Session VII (May 16, 1:30pm-3:00pm): Experimental Design in Transportation Studies, organized by Feng Guo
Title: Kernel Method Based Case Sampling for Safety Verification on Cyber-Physical System
Speaker: Chen Qian, Virginia Tech
Abstract: Testing the safety of Cyber-Physical Systems (CPS), such as automated driving systems, is crucial for advancing their widespread adoption. However, the associated high costs of implementing safety tests demand a thoughtful strategy in selecting appropriate cases. This paper investigates the selection of such cases, aiming to simultaneously satisfy two essential criteria: representativeness and criticality. Representativeness evaluates how well selected cases fit the distributions of real-world situations, while criticality assesses whether the selected cases can cover rarely observed safety-critical scenarios. In pursuit of these objectives, we introduce a novel subsampling method called Kernel Case Sub-sampling (KTCS). To cater to diverse testing targets from different stakeholders, we propose two algorithmic versions: deterministic sampling (KTCS-D), which is well-suited for reproducible standard tests, and stochastic sampling (KTCS-C),which is specifically designed to ensure that each round of safety tests comprises different cases while jointly sharing similar characteristics. Numerical simulations validate the superior performance of our methods concerning representativeness and criticality compared to alternative approaches.
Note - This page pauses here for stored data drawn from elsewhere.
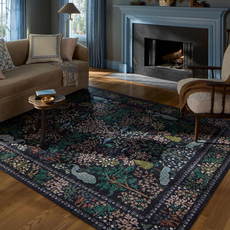 The Canopy Collection is a floral area rug with an enchanted forest design based on hand-painted artwork by Rifle Paper Co. in collaboration with Loloi. The whimsical design features lush scenes visited by charming woodland creatures, from prancing deer to beautifully plumed peacocks. This collection is power-loomed of a soft polyester in China, a durable construction for living room rugs, bedroom rugs, entryway rugs, and more.
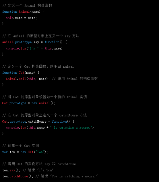 在上面的例子中,定義了一個 Animal 構(gòu)造函數(shù),該函數(shù)有一個原型對象,在其原型對象上定義了一個 say 方法。同時還定義了一個 Cat 構(gòu)造函數(shù),繼承自 Animal,并在其原型對象上定義了一個 catchMouse 方法。在創(chuàng)建一個 Cat 實例后,該實例可以訪問到其原型上的 say 方法,以及原型鏈上的 Animal 的屬性和方法。
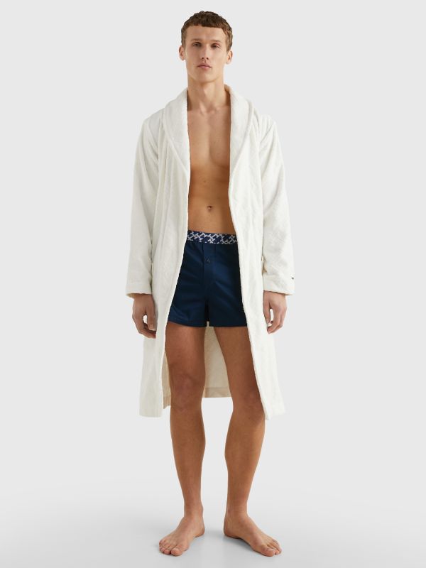 تضيف طبعة حروف الشعار لمسة أنيقة على روب الحمام الناعم والمصنوع من القطن الخالص.
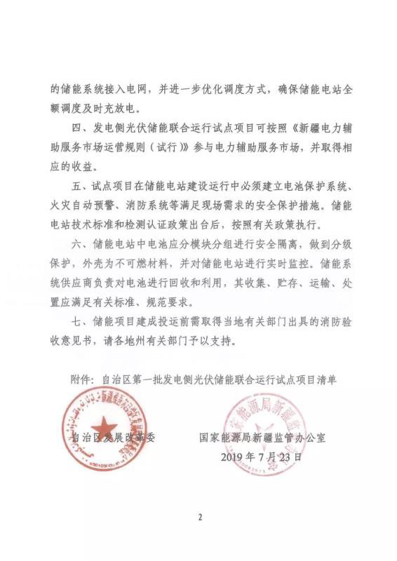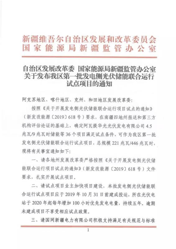 中國(guó)儲(chǔ)能網(wǎng)訊:2019年7月23日,新疆發(fā)改委發(fā)布發(fā)布《新疆第一批發(fā)電側(cè)光儲(chǔ)聯(lián)合運(yùn)行試點(diǎn)項(xiàng)目清單》,共確定36個(gè)光儲(chǔ)項(xiàng)目滿(mǎn)足試點(diǎn)條件,總規(guī)模為221MW/446MWh,參與儲(chǔ)能項(xiàng)目建設(shè)的企業(yè)有北控清潔、國(guó)能馭新、智光儲(chǔ)能、易事特、陽(yáng)光電源、國(guó)網(wǎng)節(jié)能、上海動(dòng)力、猛獅科技、天合光能、比克電池10家公司。
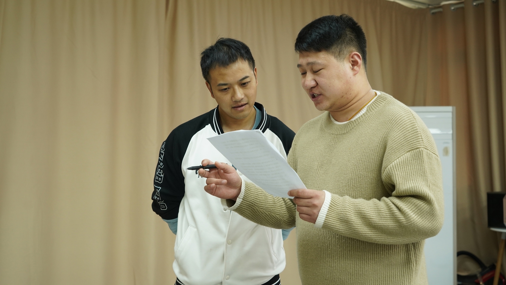 每一个选手都把宣讲内容当众宣讲了一遍后,张老师又指出大家共同存在的问题和需要注意的事项。随后张老师又带着选手观看前期录制的宣讲视频和宣讲脚本。每当看到脚本里词汇、段落中通过语言表达不顺畅的地方,张老师就与该选手一起对脚本进行小幅度修改,确保表达更加流畅。
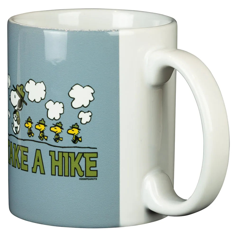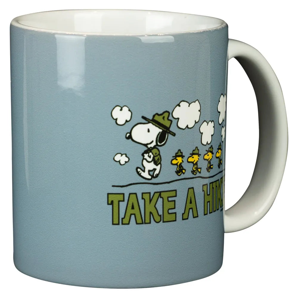 Mug featuring Peanuts characters Snoopy and Woodstock with 'Take a Hike' text in written in green on a light blue background
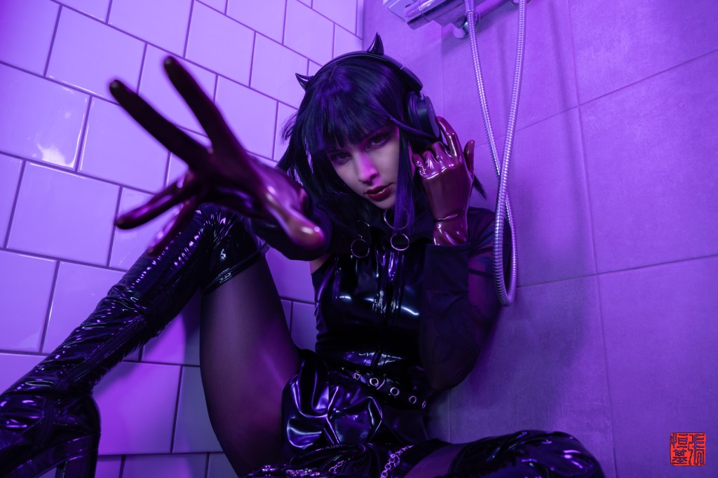 To push the boundaries of a traditional studio shoot, we decided to use a location you might not expect: a shower. The glossy tiles and reflective surfaces of the shower created some truly dynamic shots. We lit the entire area with a vivid purple light to give it that authentic cyberpunk feel, which made the black latex pop even more and Luzia showed off their flexibility whilst in front of my camera. This creative choice allowed us to capture a futuristic and edgy aesthetic, proving that the most interesting photos can come from the most unexpected places.
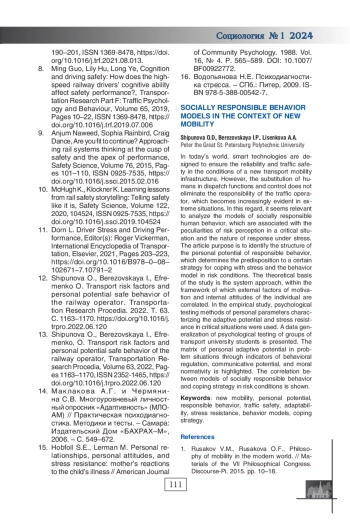 В современном мире надежность и безопасность движения в условиях инфраструктуры транспортной мобильности призваны обеспечить смарт технологии. Однако замещение человека в диспетчерских функциях не устраняют ответственности оператора движения, которая становится все более очевидной в экстремальных ситуациях. В этой связи представляется актуальным анализ моделей социально-ответственного поведения, которые связаны с персональными особенностями восприятия риска и характером реагирования в условиях стресса. Цель статьи - выявление структуры личностного потенциала ответственного поведения, определяющего предрасположенность к определённой стратегии преодоления стресса и модели поведения в ситуации риска. Теоретическим основанием исследования выступает системный подход, в рамках которого соотносятся внешние факторы мотивации и внутренние установки личности. В эмпирическом исследовании использовались методики психологического тестирования личностных параметров, характеризующих потенциал адаптивности и стрессоустойчивости в критических ситуациях. Представлено обобщение статистических данных психологического тестирования групп студентов транспортного вуза. Выделена матрица личностного потенциала адаптации в проблемных ситуациях через показатели поведенческой регуляции, коммуникативного потенциала, моральной нормативности. Показано соотношение моделей социальноответственного поведения и копинг-стратегии в условиях риска.
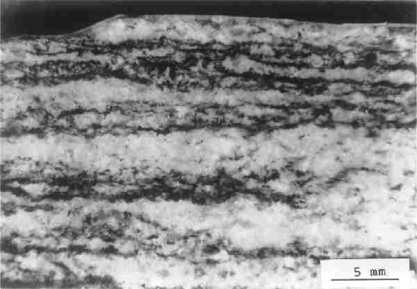 Abb. 28: Migmatischer Paragneis 57 = Bärhag. Die dunklen Lagen und Flecken sind pinitisierter Cordierit und untergeordnet Biotit
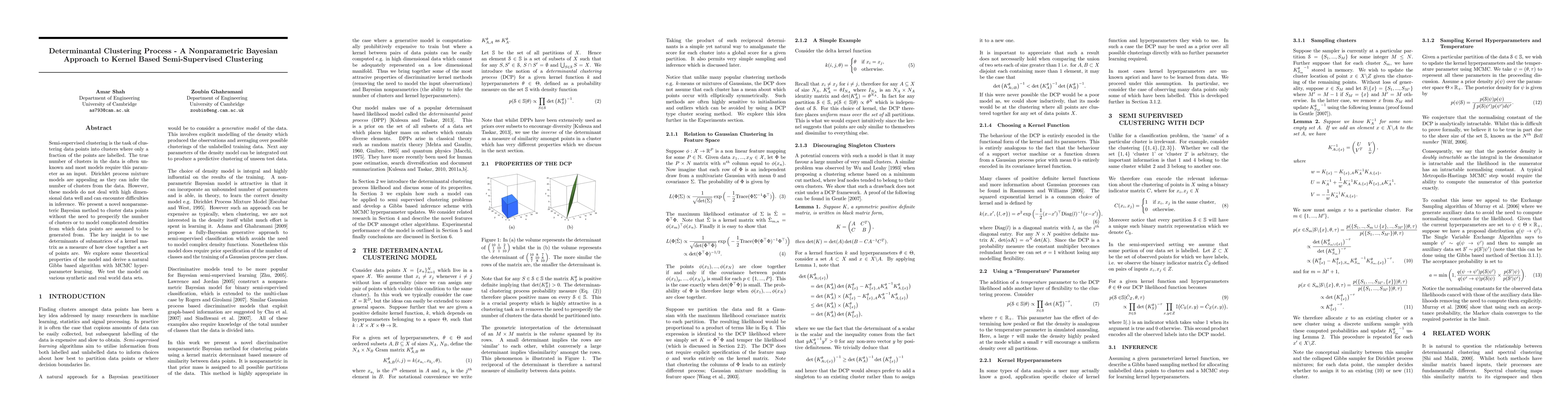 This paper presents a nonparametric Bayesian method for semi-supervised clustering that infers cluster numbers from data without requiring manual specification. It uses determinants of kernel matrices to measure point proximity.
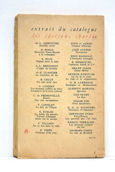 279 pages. (19x12cm). Broché. Non rogné. Couverture imprimée. Rousseurs. Charnière fendue. Pages demi-détachées. Bon état intérieur.
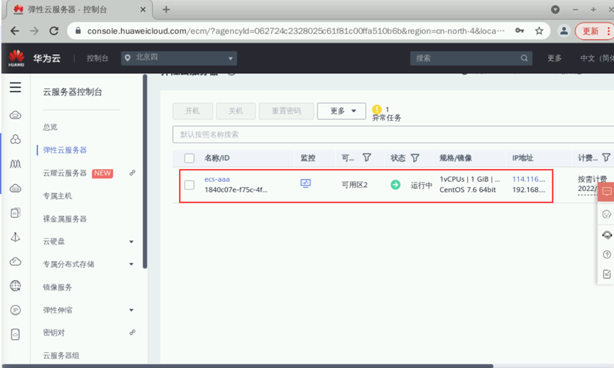 点击“立即购买” -> “返回云服务列表”,云服务器列表中此时有两台弹性云服务器,如下图所示:

We implement our method on data from the Second Strategic Highway Research Program Naturalistic Driving Study. Evaluation metrics consistently affirm the superior performance of our approach in selecting cases. Our proposed methods address a critical challenge in the domain of engineering: how to conduct appropriate tests on CPS. These methods hold the potential to accelerate the development of safe CPS. Our work also has broader implications for case sub-sampling, particularly in ensuring that the selected points not only cover the entire data space but also exhibit representativeness toward the original dataset.